Кэтрин Мадсен утверждает, что духовность книги тем самым «необычайно созвучна светским космологическим теориям». Нравственный выбор, — как, например, отказ застрелить старика (Сарумана) ни с того, ни с сего, даже не бросив ему вызова, — совершается вполне сознательно, но при этом без ссылки на божественный авторитет. Более тонкие проявления нравственной мудрости (скажем, отказ убить Голлума даже «самозащиты ради») основаны на опыте, на подсказке сердца и на нашем уровне эмоционального развития, в то время как чувство «судьбоносности», ощущение того, что каким–то событиям «суждено случиться», а какие–то люди «избраны» для определенной миссии, «не названы и не определены напрямую».

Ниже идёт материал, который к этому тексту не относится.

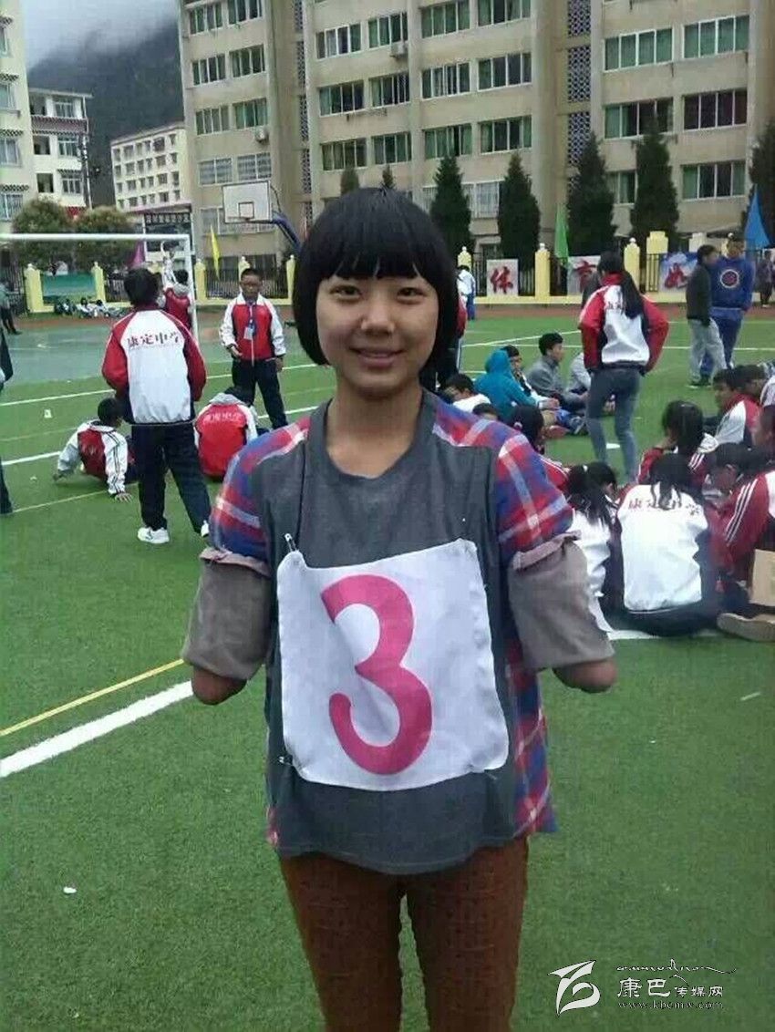 在康定中學(xué)校園里,你會邂逅這樣一位女孩:臉上永遠燦爛著陽光般的微笑,雙眼永遠閃爍著自信樂觀的光芒。教室里,她聚精會神地聽課;圖書館里,她專心致志地讀書;操場上,她身輕如燕地奔跑;寢室里,她開心爽朗地和同學(xué)交流。可你仔細一看,她竟然沒有雙臂,就像折翼的天使。她就是該校高2016屆8班學(xué)生,羌族女孩許方燕。行走在高原的風(fēng)中,她是一幀讓每一個人內(nèi)心泛起感動漣漪的美麗風(fēng)景……
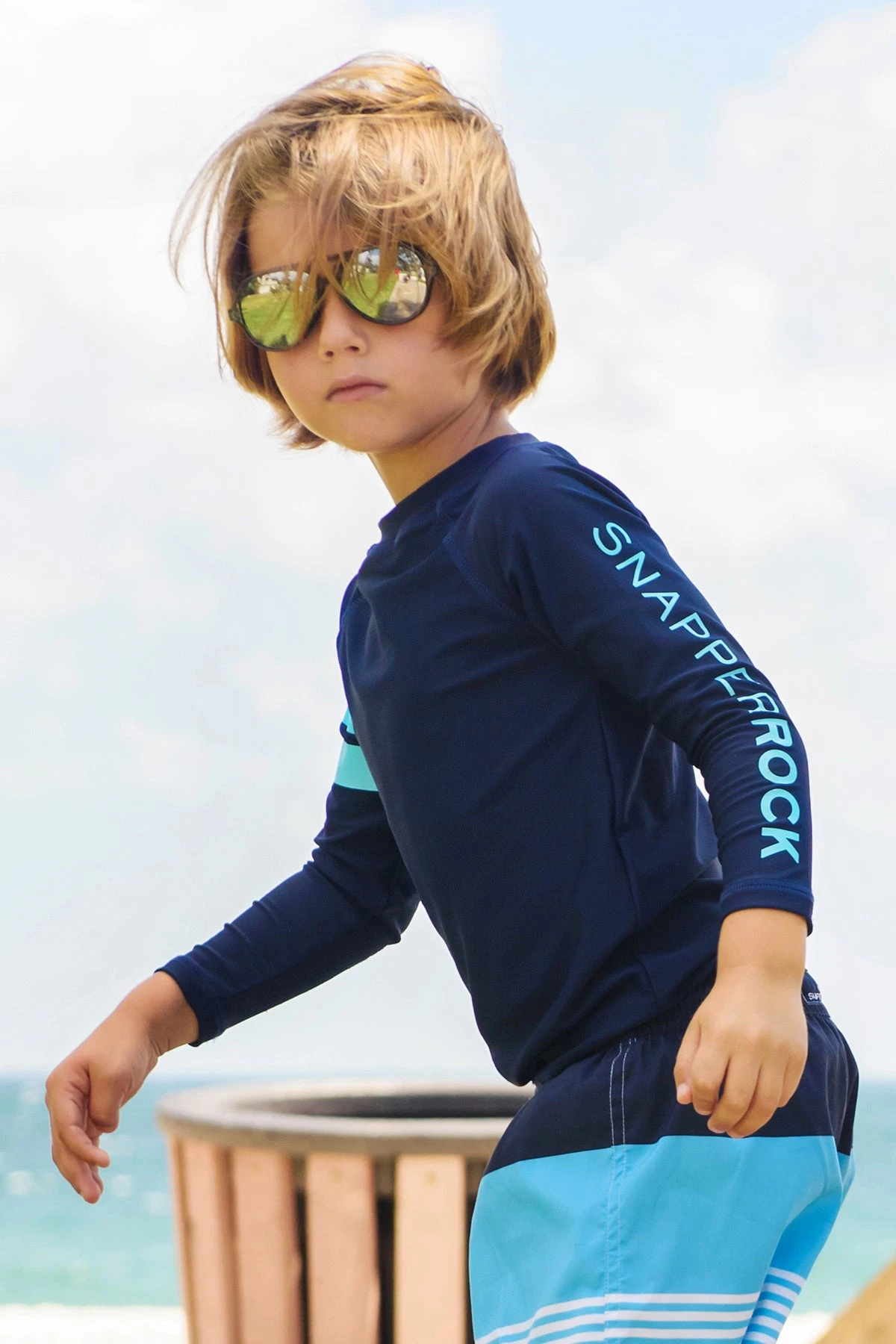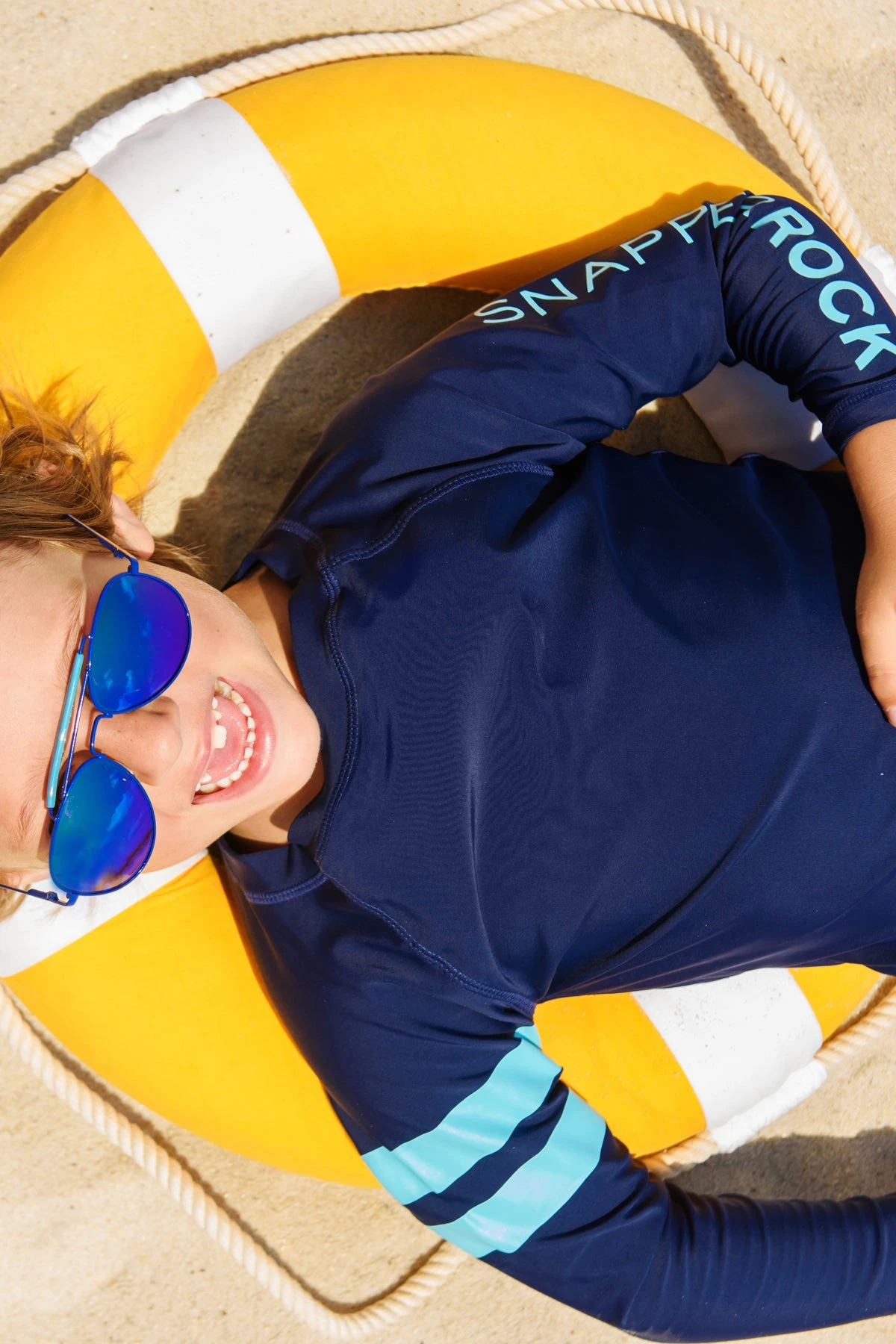 to block out 98% of all harmful UVA and UVB rays. Featuring a long-sleeve navy
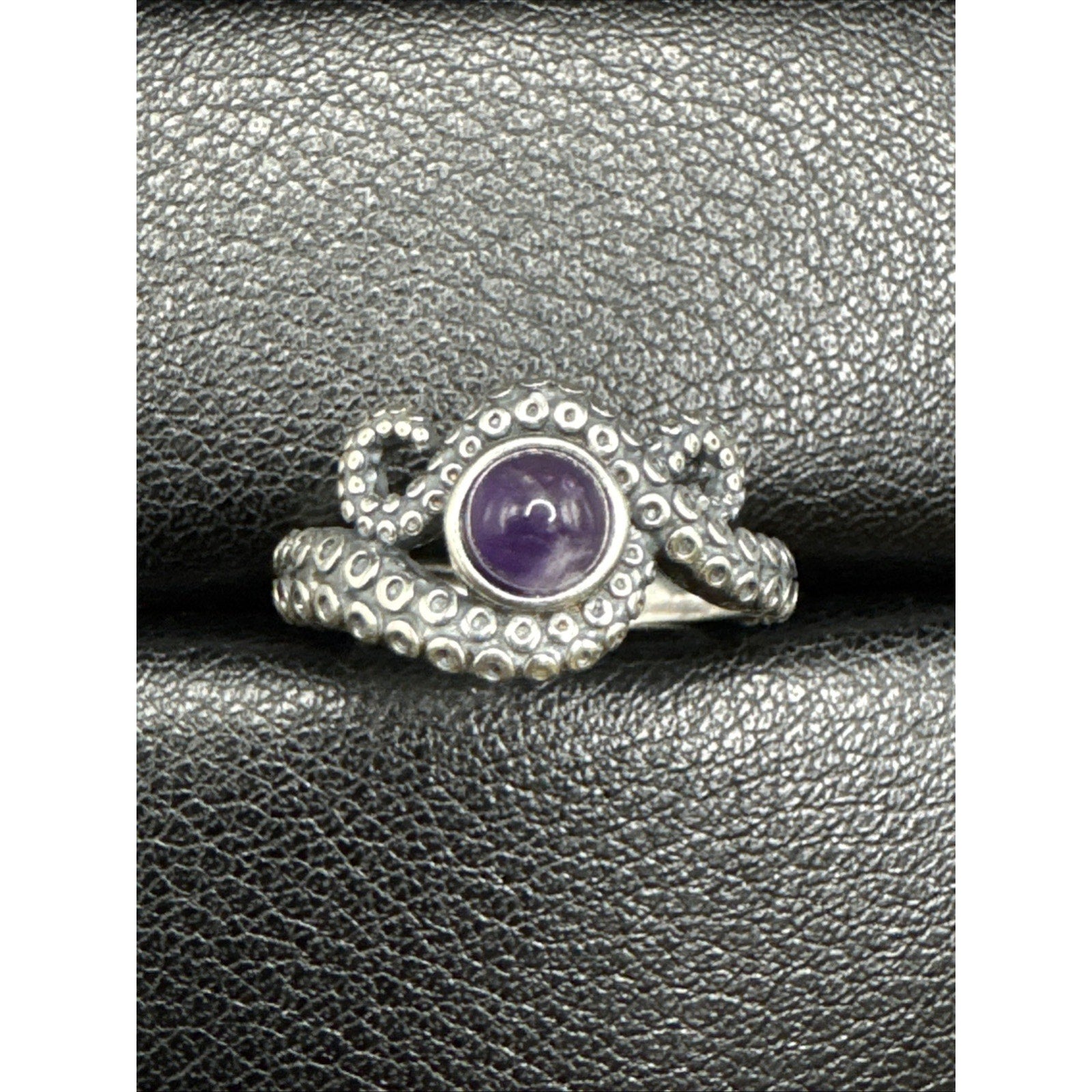 New Condition Sterling Silver Amethyst Octopus Ring 925 Size 7
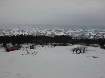 旧スキー場の上から、砺波平野を見下ろす。 |
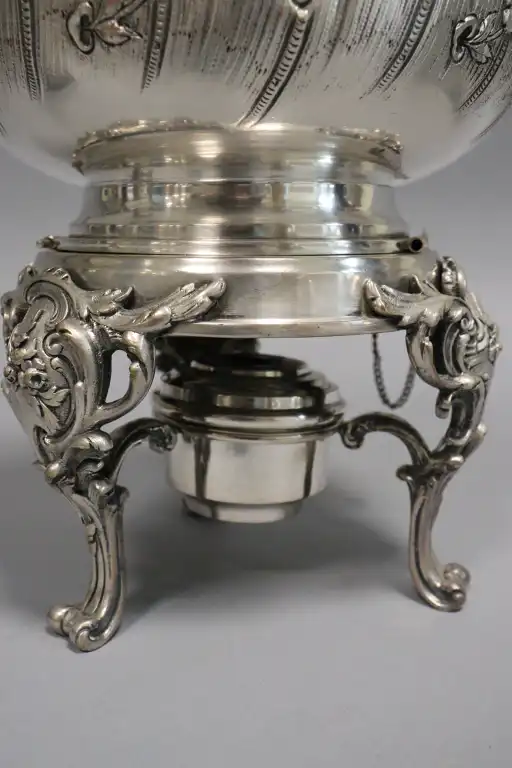 - Samovar en métal argenté à décor de style rocaille. H.: 37,5 cm
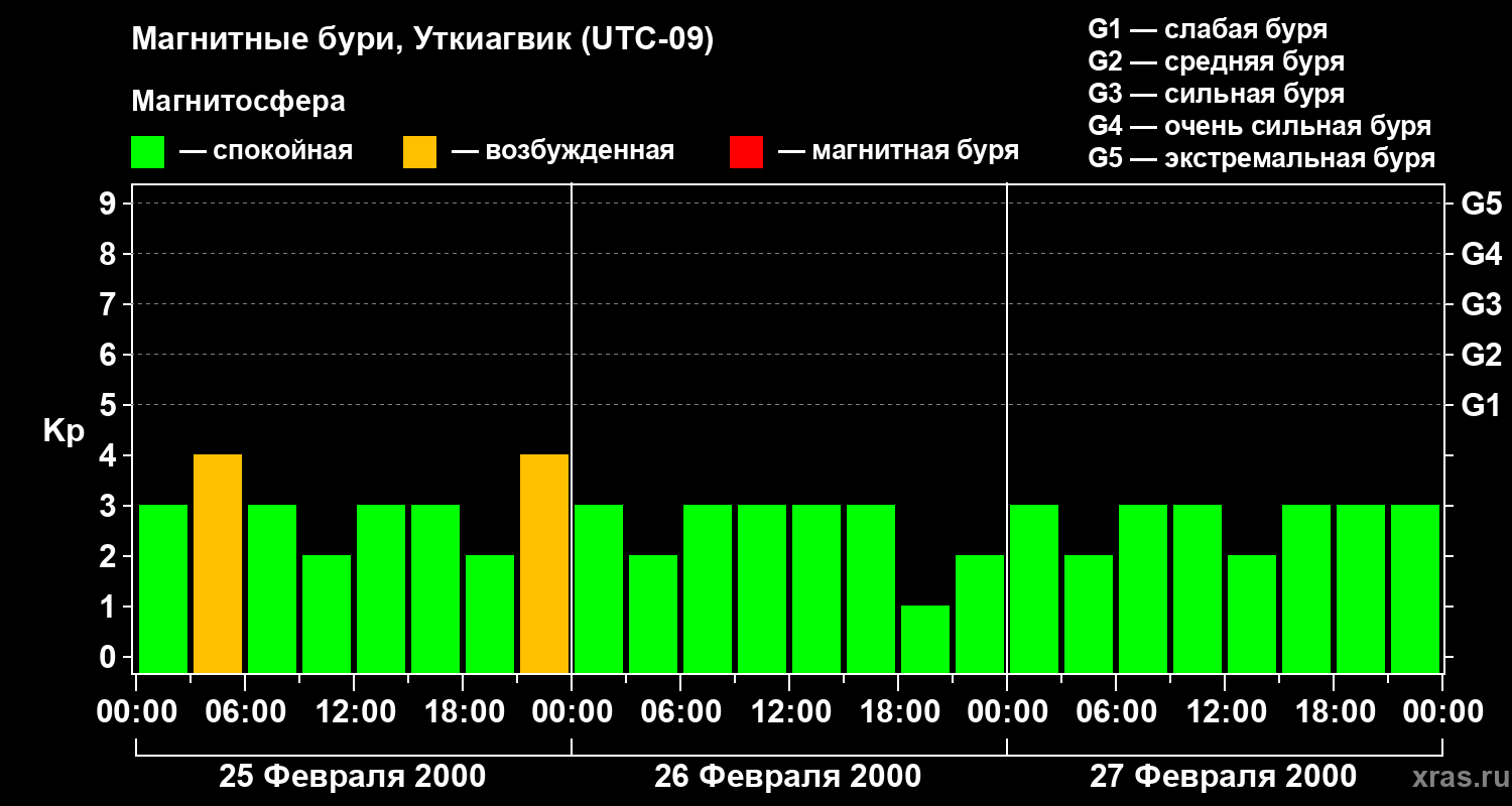 Изменения геомагнитного индекса Kp с 25 по 27 февраля 2000 года для средних широт
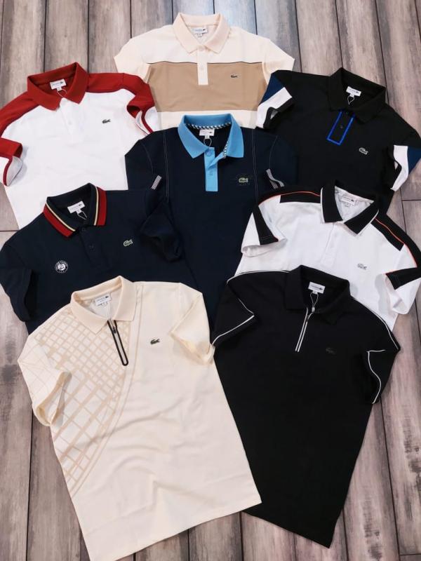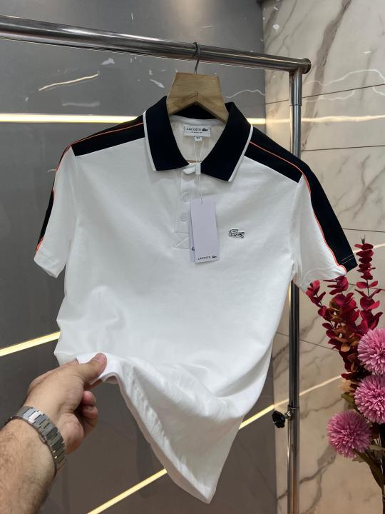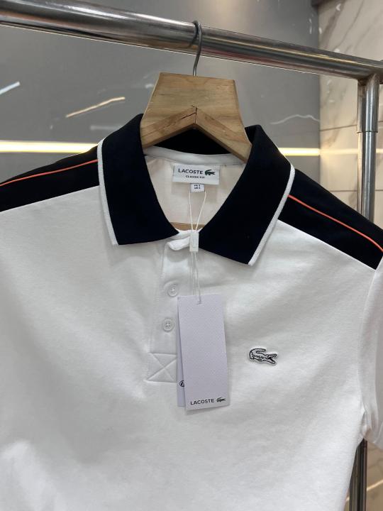Lacost e White Premium Cotton Pique fabric Polo Tshirt with Shoulder Design and Embroidered Logo 3536

Ее анализ развязки на Горе Рока особенно показателен. «Ребенком я чувствовала, что одно из главных достоинств книги — и я бы без преувеличения назвала это эвкатастрофой — состоит в том, что Голлум получил свою «прелесть» обратно: его злобность, его гнусные речи, его кровожадные поползновения и его жалкое существование оказались в самом центре истории в момент ее завершения, причем не в контексте искупления, нет — им было позволено сыграть до конца… Даже грех не пропал впустую: он вплетен в общий замысел. В естественной религии, как в Евангелии, жалость — это таинство, заключенное в сердце мира; но здесь она вбирает в себя зло, не карая его и не обращая на путь истинный. Голлум, как козел отпущения, уносит с собой грехи мира. Его жизнь — сама по себе наказание, а смерть оборачивается для него наградой». (В Сильмариллионе, как мы уже видели, сам Господь говорит нам, что грех «вплетается в узор». А поскольку Толкин помещает свою историю в эпоху до Моисея и, вероятно, даже до Ноя, время искупления еще не пришло.)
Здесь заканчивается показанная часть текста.